Two Southern Westchester BOCES educators have been selected to present at a national conference this summer in Nashville. ENL Consultant Teacher Vitaliya Popovych and Math Consultant Teacher Dr. Zsuzsanna Kozmane-Fejes, who both teach at the Center for Career Services, have been selected as presenters at the 2026 Making Schools Work Conference from July 14-17.
They were chosen based on proposals submitted earlier this year and will discuss how their subjects can be made more accessible for students receiving Career and Technical Education (CTE).
Ms. Popovych works with ENL (English as a New Language) students on the Career Services campus whose home districts have identified them as needing assistance. She helps to bridge any gap between the students and the instruction caused by a language barrier.

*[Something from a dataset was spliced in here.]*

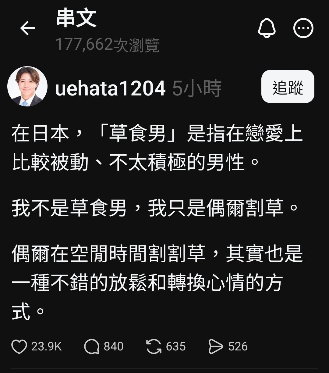 但我不是草食男,只是偶爾割割草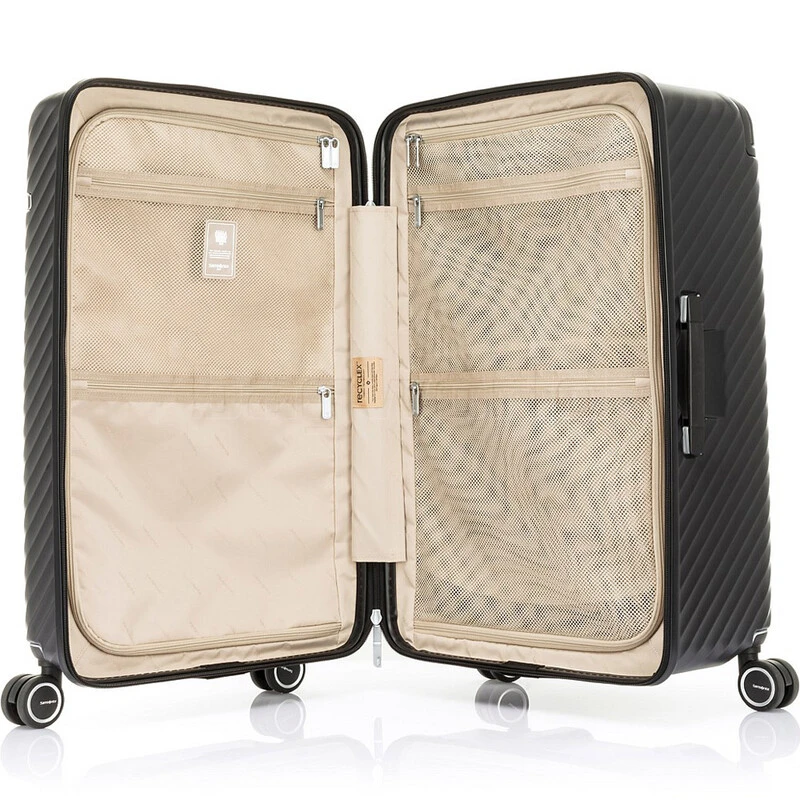 The Samsonite Stem trunk range features an innovative 20:80 split inspired by the opening of a softside suitcase, with the protection of a hardside exterior. The internal dividers assist with packing organisation, while the unique opening and maximised base allows for increased packing space. This trendy luggage collection features stunning gold detailing, alongside a wide range of features including anti-theft locks for extra security, suspension wheels and wide handles for easy manoeuvrability making Stem both fashionable and functional.

Her proposal to present at the conference focused on how to make CTE project-based learning more accessible for multilingual learners by integrating literacy strategies, structured discussions, and explicit modeling while maintaining academic rigor.
“I will focus on how to build project-based assignments that are accessible for all students,” Ms. Popovych said. “It will explain how to make sure that you build the background knowledge, that a model is in place, that peer collaboration happens. When students are engaged and it comes to something like writing an essay, then they will know what to write and that they are capable of doing the work correctly.”
Dr. Kozmane-Fejes, who is also a professor at Westchester Community College, works to integrate math into instruction in certain programs at Career Services where students can receive an elective math credit. She often co-teaches lessons, offering students real-world instruction that applies to skills and techniques they learn in the classroom.
Her proposal highlighted how math can be meaningfully embedded into CTE programs through real-world applications such as measurement, geometry, and financial literacy, using interdisciplinary practices developed at Southern Westchester BOCES.
“I learned that in the beginning many students don’t like math,” Dr. Kozmane-Fejes said. “My goal when students leave our campus is that they don’t hate it anymore. I want them to see math as a useful skill that they can use in their trade.”
Dr. Kozmane-Fejes spoke at a conference for math teachers throughout the state last November, which led to the suggestion of submitting a proposal for Nashville.
Together, their presentations this summer will showcase the practical, classroom-tested strategies that have enhanced engagement, equity, and college and career readiness for students on the Career Services campus.